Posteriormente, pesquisas realizadas por Oliveira Filho (1988) denunciavam ainda que a escola do PIT em Umariaçu atendia uma maioria de crianças indígenas e algumas não- indígenas, mas mesmo assim, alfabetizava em Língua Portuguesa sendo que os alunos indígenas só falavam a própria língua. Essa escola padecia da falta constante de professores e, quando os tinha, eram pessoas pouco preparadas. Em 1965 foi construída uma escola estadual que ficou sob a responsabilidade da Marinha até 1983, passando na década de 90 a ser considerada indígena embora seu diretor e corpo docente fossem não- índios. Há poucos anos a comunidade de Umariaçu conseguiu substituir esses funcionários por professores indígenas.

Coelho dos Santos (1966) visitou ainda a escola isolada de Vendaval no igarapé São Jerônimo, município de São Paulo de Olivença, onde não encontrou alunos indígenas apesar da numerosa população de índios, especialmente Ticuna. O autor relata que segundo a professora local ela não perdia tempo em ensiná-los, pois não conseguiam aprender. Para Coelho dos Santos (1966) esses resultados ruins refletiam a falta de formação da professora que, do mesmo modo, ensinava mal aos que ele denominava “civilizados”. O autor registrava que, ao longo de três ou quatro anos, o ensino aos não-indígenas restringia- se às quatro operações e à cartilha, também com resultados muito precários.

O referido autor elencava algumas características dos indígenas que dificultavam o processo de alfabetização: apenas os homens falavam português, sendo que as mulheres e crianças, por terem pouco contato com os regionais, chegavam à escola sem conhecerem quase nenhuma palavra nessa língua. Lembrava que o modo como os pais criavam os filhos entrava em desajuste com as práticas coercitivas da escola, concluindo que o modo de vida indígena conduzia os interesses das famílias para outras atividades que não o estudo.

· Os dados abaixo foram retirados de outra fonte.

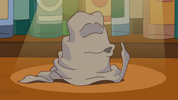 do pano de lã do demônio . A tapeçaria foi então colocado em uma catedral. Vikings, em seguida, invadiram a Catedral, um viking se decidiu se tornar um ladrão de arte. Este viking, em seguida, esfregou a tapeçaria entre sua virilha antes de tomar uma mordida fora dele. Este foi primeiro sentimento a tapeçaria da angústia. Bart atira pedras na janela Milhouse e tenta pedir desculpas, mas não consegue. Kirk está atirando pedras para chamar a atenção Luann e um vai para baixo sua garganta e ela se recusa a deixá-lo para realizar a manobra Heinrich sobre ela. O que restava da tapeçaria acabou de ser trocado por ouro e jóias. Em seguida, caiu nas mãos do rei persa. Depois que ele foi morto por suas muitas esposas, o pano encontrou o seu caminho para a Espanha onde foi usado como uma venda para um homem que estava sendo filmado com setas, em seguida, foi colocado em um bloco de carrasco. A vítima teve mais medo do pano do que do machado. O pano finalmente começou indo para cima novamente, quando ele encontrou em seu caminho Michelangelo, que pintou o teto da Capela Sistina com ele. Após a pintura ser concluída, porém, ele foi posto de lado e logo esquecido. O pano então gritou de dor quando Lenny encontrou ele. Lenny sugeriu a Moe ter um pano novo, mas Moe não aceitou. Bart entrou sorrateiramente no quarto de Milhouse e pediu desculpas novamente, sem sucesso. Depois disso, o pano se tornou tecido em uma das bandeiras dos Estados Confederados da América. Depois que a casa estava em incendiada, foi então usada por uma família pobre para fazer sopa de pano. Finalmente se transformou em uma bandeira que alguns usaram na escalada ao Monte Everest mas no meio o moço que estaria escalando para subir la morreu . E a bandeira foi pego por um yeti, que deu o pano para o seu filho, Moe Szyslak. Bart viu Milhouse novamente pela manhã e Bart disse para Milhouse escolher alquem para dar um soco na propria cara. Milhouse pede Drederick Tatum para socá-lo, prejudicando Bart muito, mas eles se tornaram amigos de novo. Uma noite, quando Moe estava dormindo, alguém pegou o pano, embora o pano gostasse de Moe, pegaram e colocaram em uma máquina de lavar. Assim depois de ser lavado Marge pegou e devolveu a Moe. Ele estava feliz com isso, mas quando o pano revelou que toda a família Simpsons (e Milhouse) eram seus amigos, Moe jogou o pano para fora da janela. Que foi pego por Ajudante de Papai Noel, que adorou. O pano gostou desta vida, com exceção da luta ocasional entre o Ajudante de Papai Noel tinha com Maggie sobre ele.
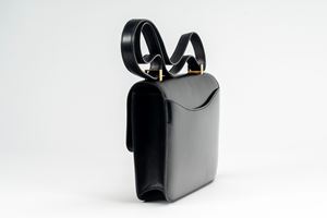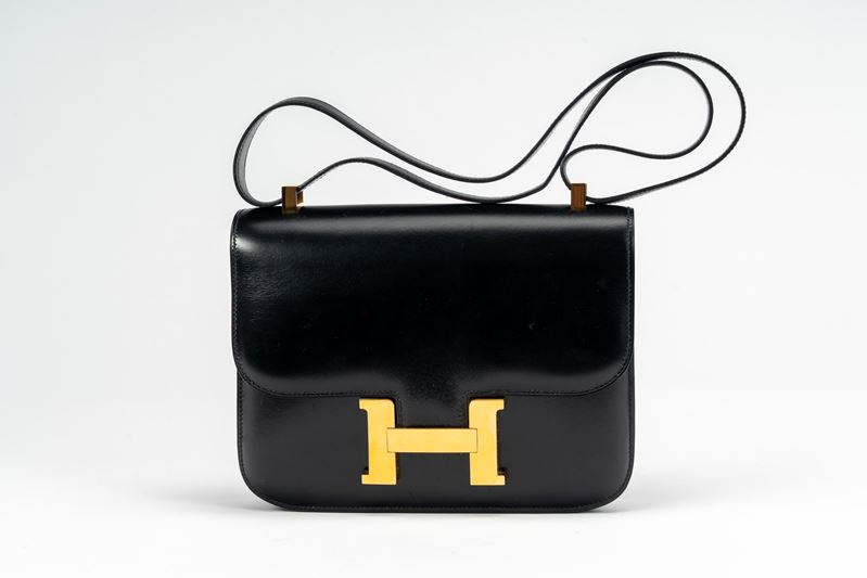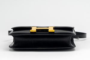 Black box leather Constance bag, metal gilt details, cm 23, with box (slight signs of use)
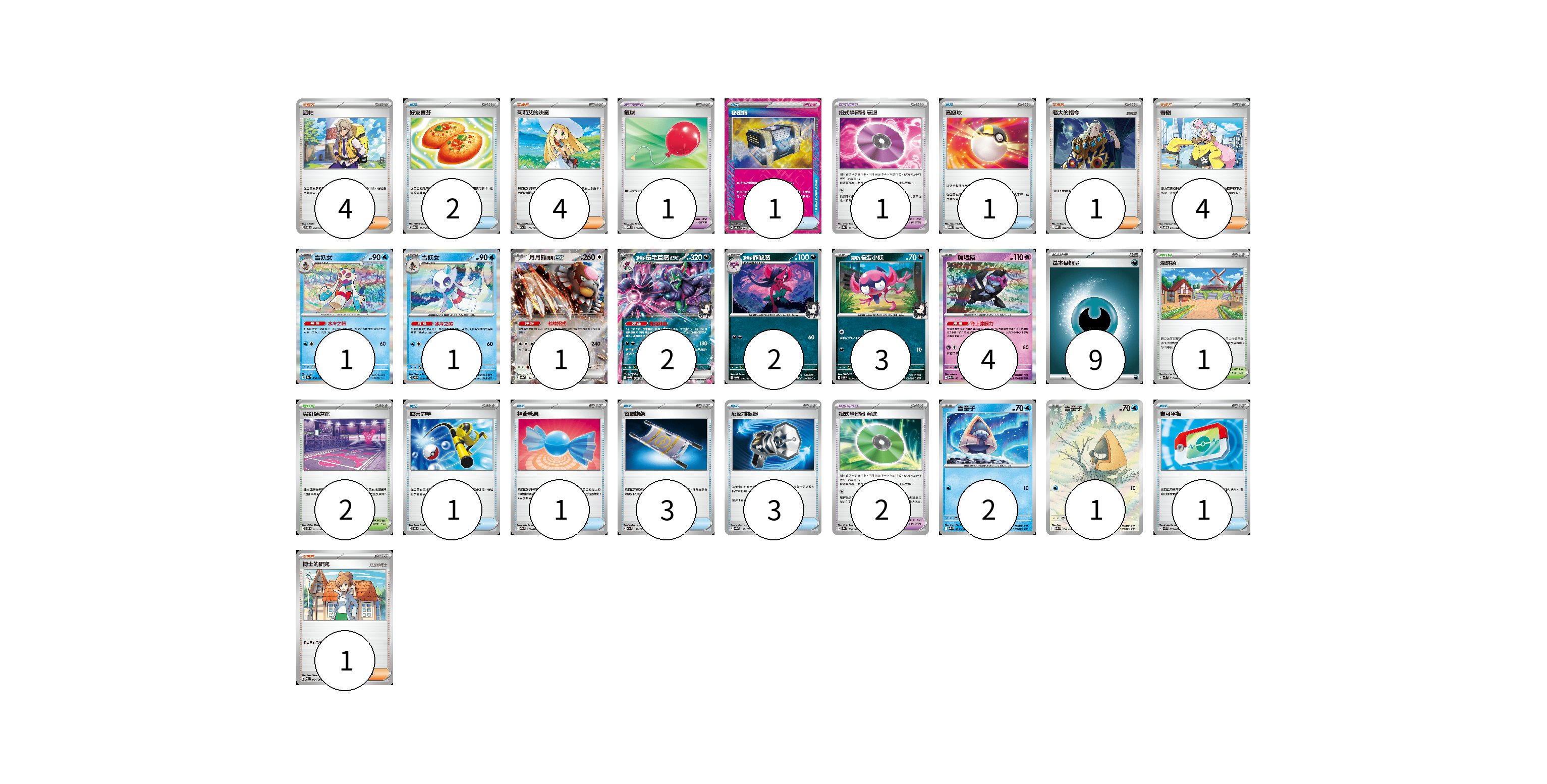 牌組構築方案 以此牌組為基礎新構築牌組 顯示卡面 顯示列表 寶可夢卡(17) 1 1 1 2 2 3 4 2 1 寶可夢道具(4) 1 1 2 物品卡(13) 2 1 1 1 1 3 3 1 支援者卡(14) 4 4 1 4 1 競技場卡(3) 1 2 能量卡(9) 9 寶可夢卡(17) 卡牌名稱 張數 卡牌名稱 張數 雪妖女 SV8a 038/187 01 雪妖女 SV6 033/101 01 月月熊 赫月ex SV8a 134/187 01 <瑪俐的>長毛巨魔ex SVOM 007/021 02 <瑪俐的>詐唬魔 SVOM 006/021 02 <瑪俐的>搗蛋小妖 SVOM 005/021 03 願增猿 M2a 081/193 04 雪童子 M2a 035/193 02 雪童子 M2a 200/193 01 寶可夢道具(4) 卡牌名稱 張數 卡牌名稱 張數 氣球 MBD 018/022 01 招式學習器 衰退 SV8a 161/187 01 招式學習器 演進 SV8a 160/187 02 物品卡(13) 卡牌名稱 張數 卡牌名稱 張數 好友寶芬 M2a 153/193 02 秘密箱 SV6 092/101 01 高級球 MBG 012/022 01 厲害釣竿 SVOD 010/020 01 神奇糖果 MBG 013/022 01 夜間擔架 M2a 159/193 03 反擊捕捉器 SV8a 139/187 03 寶可平板 M3 070/080 01 支援者卡(14) 卡牌名稱 張數 卡牌名稱 張數 派帕 SVOD 018/020 04 莉莉艾的決意 M2a 175/193 04 老大的指令 MBD 020/022 01 奇樹 SVOD 016/020 04 博士的研究 SV11B 084/086 01 競技場卡(3) 卡牌名稱 張數 卡牌名稱 張數 深缽鎮 SVK 039/042 01 尖釘鎮道館 SVOM 021/021 02 能量卡(9) 卡牌名稱 張數 卡牌名稱 張數 基本【惡】能量 MBG DAR 09 以此牌組為基礎新構築牌組 牌組編碼 FoVztV-pScLtA-TCUcpI copy 列印牌組單 牌組編碼已複製 分享至SNS
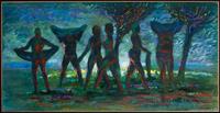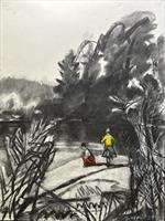 oil charcoal, oil stick on linen
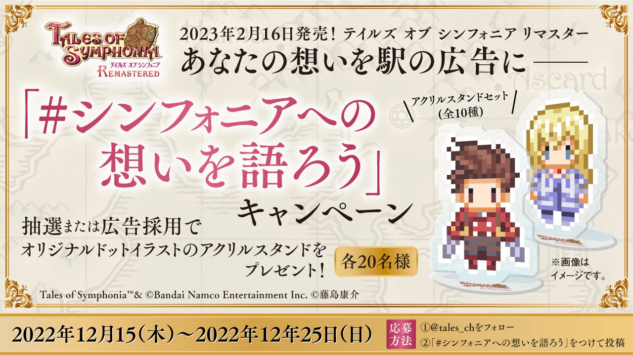 株式会社バンダイナムコエンターテインメントは、2023年2月16日(木)にNintendo Switch™/PlayStation®4/Xbox Oneにて発売予定の「テイルズ オブ シンフォニア リマスター」に関連して、3つの施策がスタートしたことをお知らせいたします。是非お楽しみくださいませ!
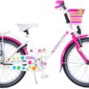 Volare Melody 20 inch kinderfiets. De prachtige Volare Melody fietsenreeks is van superieure kwaliteit. Het frame van deze fiets is gemaakt van ultra licht aluminium, slechts 12 kilo! Deze fiets met dit moderne frame, de stoere pistol type kettingkast en praktische voordrager is een must have voor iedere hippe meid. Om vaart te kunnen minderen heeft de fiets een veilig Aluminium V-brake systeem met en handrem en terugtraprem. Om de fiets makkelijk neer te kunnen zetten heef hij een sterk standaard. De handvaten zijn van Kraton, een heerlijk zacht rubber, waardoor deze lekkerder in de hand liggen en extra comfort bieden. De zadelbuis is extra laag met een extra lange zadelpen, waardoor de fiets met uw kind mee kan groeien. Daarnaast heeft de fiets een aluminium smart control systeem, dat ervoor zorgt dat het stuur begrensd is (niet in hoogte verstelbaar). Bovendien heeft de fiets voor- en achterverlichting. De fiets is voor 85% afgemonteerd. De 20 inch luchtbanden maken dat deze fiets geschikt is voor meiden tussen de 6 en 8 jaar oud met kledingmaat 116-122. Op deze hippe Volare Melody kinderfiets wil iedere meid naar school fietsen!
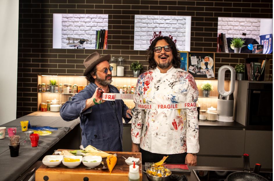 Durante il momento “Food& Art” – moderato per l’occasione dallo speaker di Radio105 Max Brigante – Mr. Brainwash e chef Alessandro Borghese hanno messo in mostra le proprie abilità artistiche, ognuno nel proprio campo, il primo personalizzando a suon di bombolette un grembiule e degli oggetti d’uso comune in cucina, il secondo ai fornelli cucinando uno dei suoi must “la cacio e pepe”.
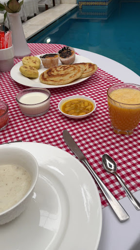 Read moreAmazing looking hotel, boutique feel and look, the traditional elements in lobby area are just fantastic. The greeting and check in is unorthodox for western travelers; they sit you in the nice lobby area beside the pool, serve hot beverages and treats, and you wait for the guest services to come and welcome you. They did take my passport the moment I arrived before asking to be seated which surprised me. The person goes through a lot of details.||The room was super spacious, and very traditional. Rose petals laid in different locations to welcome you. Even a bowl of fruits were there for you to enjoy! There is no TV, so have some music on hand if it feels too quiet. ||This hotel is located in the old city of Marrakech, so the building is old and not very sound proof. There was an interesting thick pad which was designed to fit the window and they asked me if I wanted it super quiet, I should put that at night to block the noise and light; although Marrakech is very noisy place due to thousands of motorcycles which wander around the city from very early morning to late. So have a good pair of earplugs on hand. ||The bed was comfortable. The cover was too hot for summer time. The AC works really well. Shower and bathroom was functioning well and well maintained.||The breakfast was great: very individualized, traditional choices, including delicious Moroccan soups. ||A beautiful swimming pool in the lobby to get yourself wet, although I did not use it, but even sitting beside it was very relaxing. The greens in the lobby was fantastic, and the decors and artwork were very pleasing to look at. ||The location is not too far from old city, 15 minutes walk, but be prepared to navigate through narrow old streets with lots of commute and traffic. Be extra careful with bike drivers. I wish the city somehow control them. ||I want to thank all staff at the hotel, the reception, breakfast and lobby staff. All very friendly, super nice and kind. They made my stay at this hotel very memorable. Thanks again and if I come back again, I may stay at your hotel...
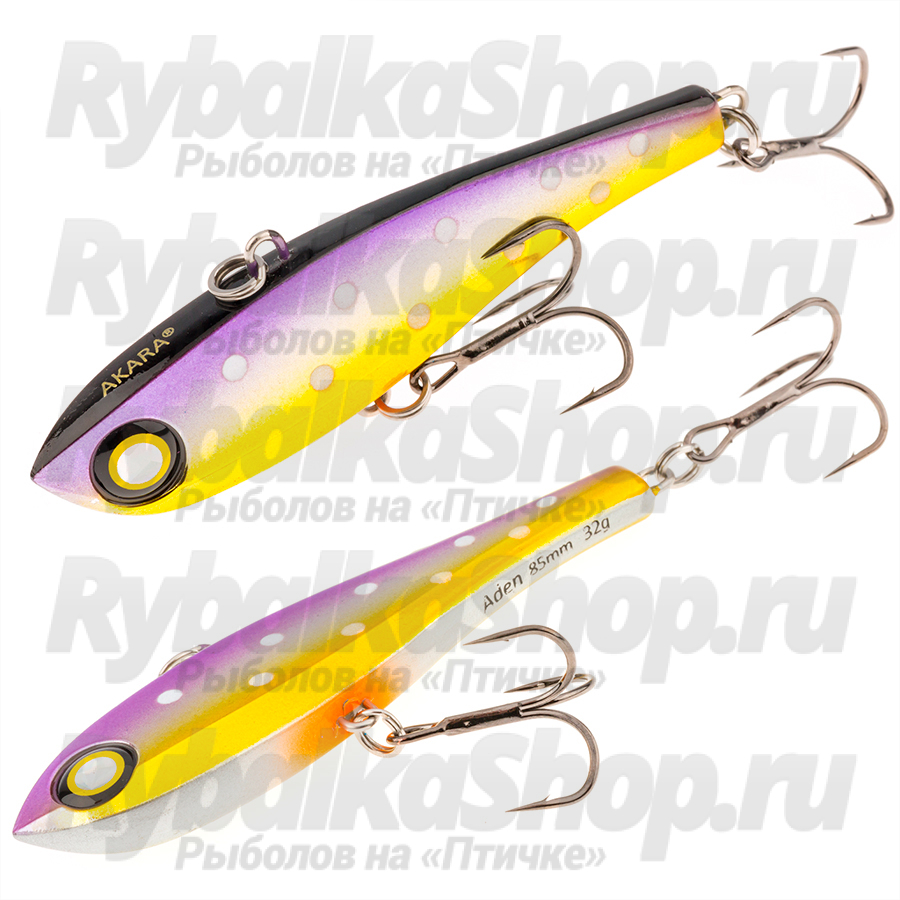 Раттлин Akara ADEN выпускается в трех размерах: 52 мм и вес 10 грамм, 68 мм и 16 грамм, 85 мм и 32 грамма. Приманка отлично подходит для ловли, как зимой, так и летом. Отличительной особенностью при ловле в отвес, является планирующая игра на боку. То есть, после потяжки, Aden заваливается на бок и в таком положении опускается. При ловле в заброс обладает высокочастотными колебаниями способными привлечь хищника с дальних расстояний. Раттлин Akara ADEN способен ловить любую хищную рыбу, имеющуюся в водоеме. Особенно хорошо ловит судака. А в 68 размере, подойдет и для ловли прудовой форели. Оригинальное голографическое покрытие, дает дополнительное преимущество и несомненно привлекает рыбу.
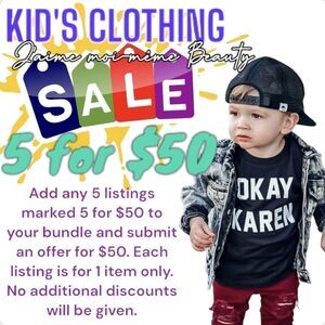 Want a better price? Bundle 5 items items (no more than 5 per bundle due to Poshmark weight limitations) marked 5 for $50 in kid's clothing and send an offer for $50. Shipping/tax are additional.
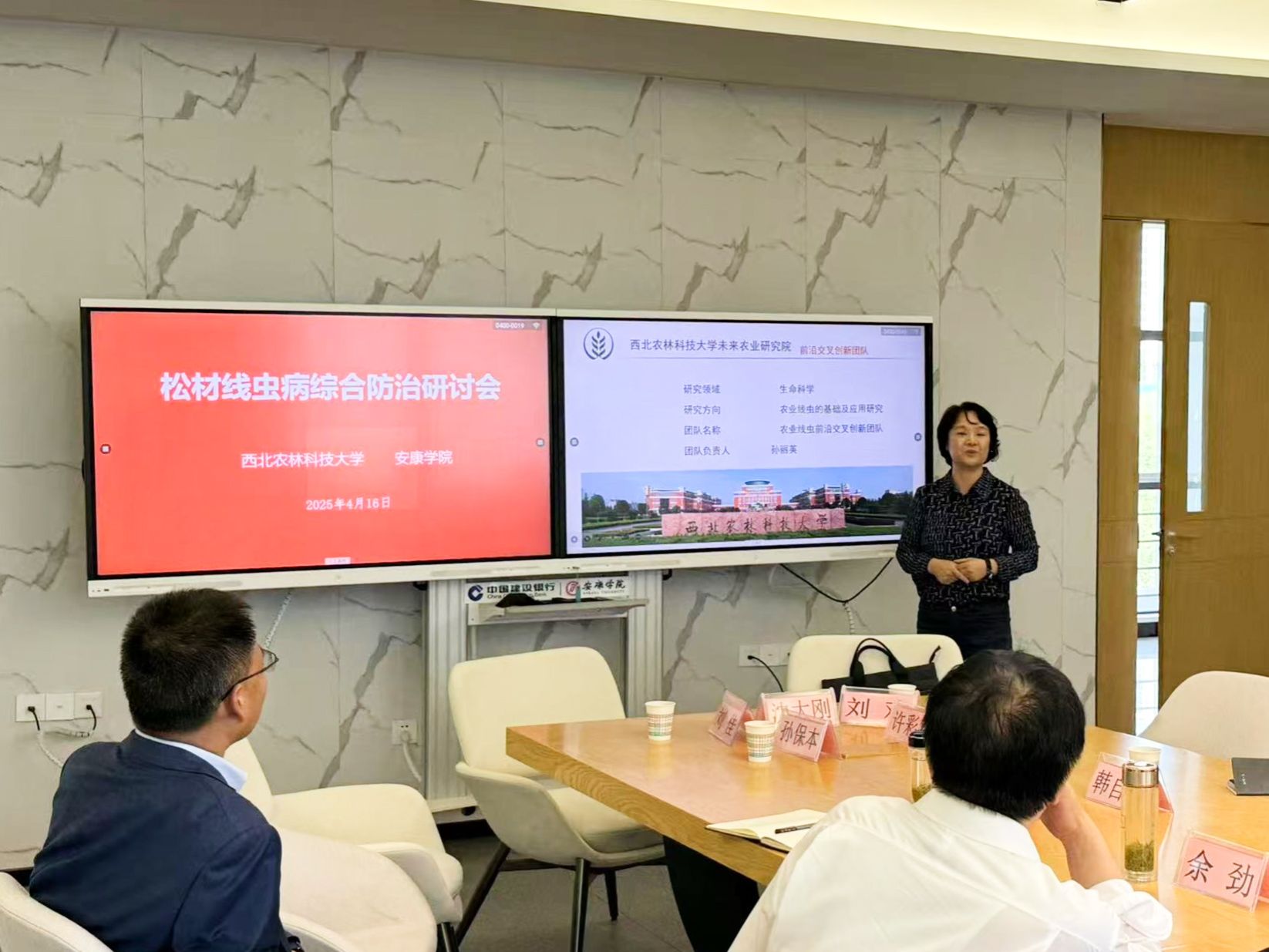 会上,孙丽英教授介绍了团队在松材线虫致病机制及绿色防控技术方面的研究进展;唐光辉教授结合多年实践经验,分享了松材线虫病的防治现状及挑战;韩自端教授就松材线虫病的专项研究设计进行了详细阐述。随后,ac米兰官方网站教师刘欢汇报了松材线虫病在安康地区的发生情况,为后续防控工作提供了重要参考。

O autor acreditava que o modo como os Ticuna se relacionaram com as frentes de

expansão havia gerado essa “timidez”, uma “casca” em relação ao “civilizado”, que os professores não sabiam romper e, por isso, os taxavam de “calados”, “complexados” e “difíceis de ensinar”; entretanto os Ticuna eram muito interessados pela Cartilha do ABC

Nesse estudo, realizado por Coelho dos Santos no início da década de 60, o foco da crítica sobre o insucesso das escolas entre os povos indígenas recaia sobre o professor, seus métodos de trabalho e o modo preconceituoso no trato com o aluno indígena. Ele defendia que os professores deveriam conhecer a cultura do grupo, manter um convívio e familiaridade com a língua e instituições sociais e políticas dos grupos indígenas, para que soubessem adaptar seus princípios educacionais à realidade específica dos Ticuna. Sua crítica se estendia aos programas do SPI considerados insuficientes e necessitando urgentemente, da elaboração de princípios básicos para o ensino de povos tribais, com formação de professores que respeitassem as realidades específicas indígenas. Segundo ele, só assim a escola seria um agente orientador da aculturação.